There could also be a longer-term preventative role for ebselen in that a cohort study in the Finnish population reported that lithium monotherapy reduced hospital readmission in patients with unipolar depression more than conventional antidepressant treatments [27]. However, we should note that while short-term treatment with ebselen is well-tolerated, the longest treatment duration with ebselen in published studies is four weeks [7, 28] and many important side effects related to lithium (thyroid and kidney disease) may develop later.

Interestingly, there may be a role for inositol treatment in preventing some of the adverse effects of lithium [29]. This is because oral inositol administration has little brain penetration and therefore may address the peripheral consequences of inositol depletion without attenuating the CNS actions of lithium. The same would presumably apply to ebselen.

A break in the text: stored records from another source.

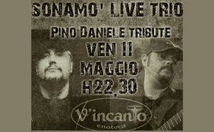 Carsoli – Una intera serata dedicata alla apprezzata musica del grande cantautore Pino Daniele con la Cover Band Sonamò Live Trio, quella organizzata per Venerdì 11 maggio 2018 a Carsoli nei locali di V’Incanto Enoteca”. Una occasioner per abbinare la musica in live con le degustazioni d’eccellenza per un aperitivo, un aperitivo cenato o una cena vera e propria con le proposte gourmet della cucina di V’Incanto. Una serata alla portata di tutti, per la soddisfazione del palato ed il divertimento della musica unica del grande artista. Per informazioni e prenotazioni si può consultare l’evento facebook cliccando qui.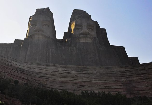 是目前國內(nèi)最雄偉的雕塑之一。它依山就勢,以山為體,82米高的整座向陽山作為像身,再在山頂塑造18米高的頭像,總高達到100米。構(gòu)思新穎,獨具匠心,不同凡響。二帝坐南朝北,背依邙山,面對黃河。巨像前是一個開闊場地,周圍遍植松柏,中間建筑祭壇。祭壇至塑像的軸線上建有長200米的神道,兩側(cè)各列四座鑄銅大鼎,連同山前一座共九鼎,寓意九州四方江山永固。廣場東西兩端擺放大型編鐘、銅鼓各一個。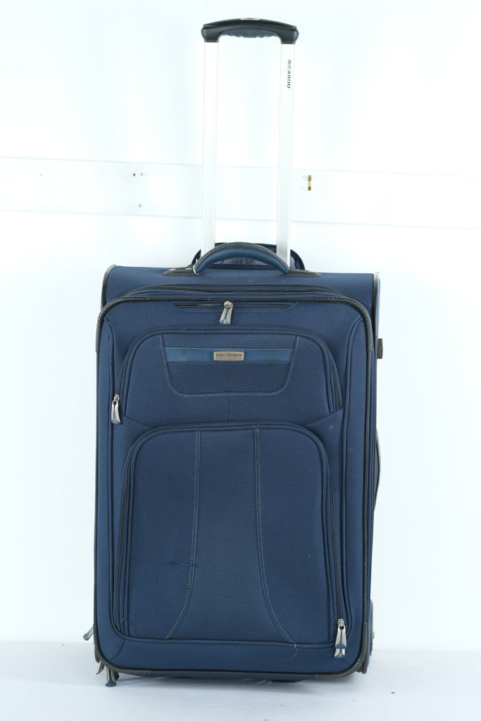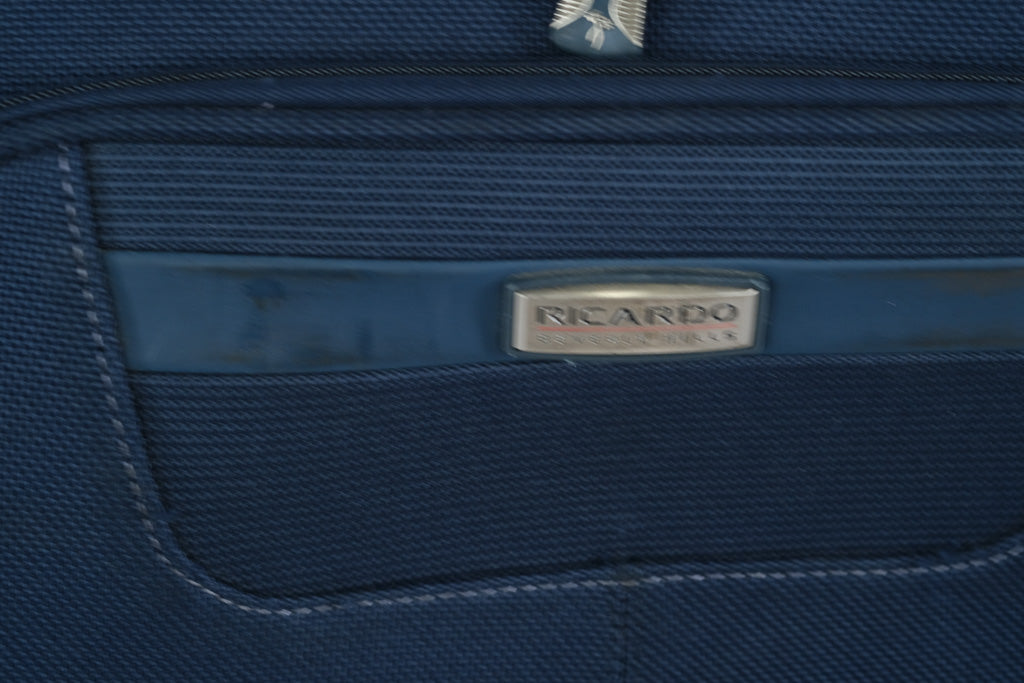 Travel in style and convenience with this durable Ricardo Beverly Hills softside wheeled suitcase in classic navy blue. Designed for both performance and sophistication, it features a sturdy telescoping handle, smooth rolling wheels, and multiple zippered compartments for efficient organization. The interior is fully lined with Ricardo’s signature geometric pattern and includes adjustable tie-down straps to keep your belongings secure on the go.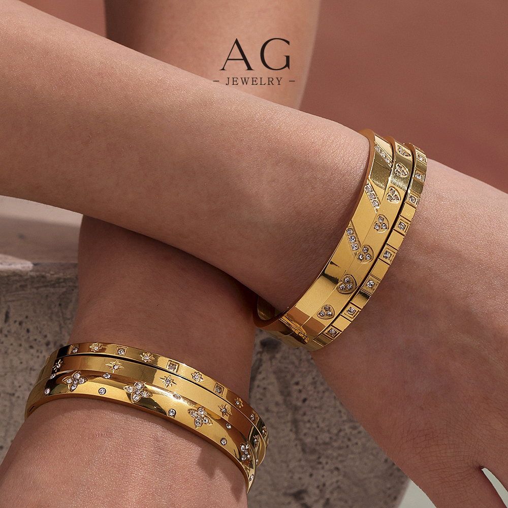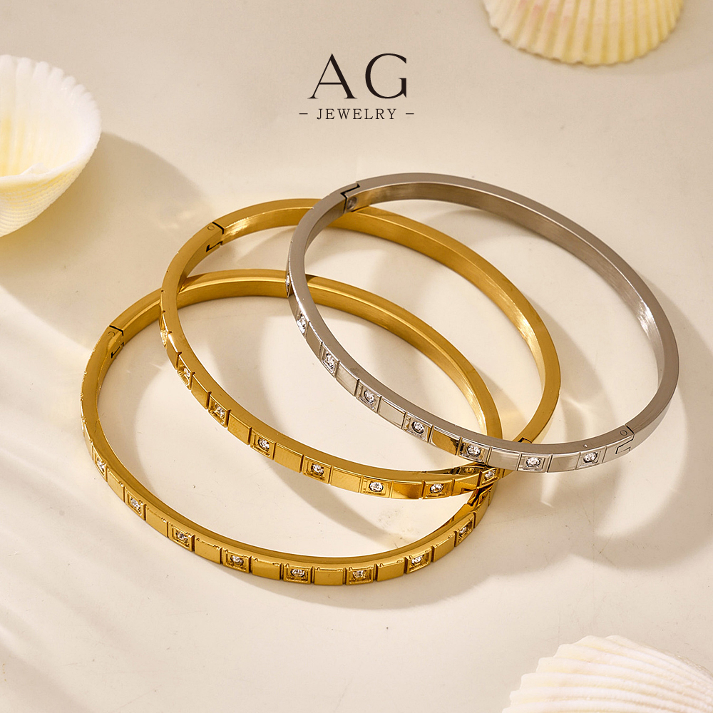 AG Stainless Steel Diamond Cut Bangle Modern Lightweight Jewelry AGZ091

Our experimental medicine study did not find any positive shift in emotional bias in depressed patients with an inadequate response to antidepressant medication. As a positive shift in emotional processing bias was used as a surrogate marker of antidepressant potential in the study, our study did not support any antidepressant potential in depressed patients who were currently on their antidepressants. We previously found that this regime of ebselen administration, given for three weeks, provided evidence of a therapeutic benefit in patients with mania/hypomania [26]. We therefore believe it worthwhile further exploring the role for ebselen in the treatment of bipolar disorder, where drugs with the effectiveness of lithium but with an improved safety profile are needed.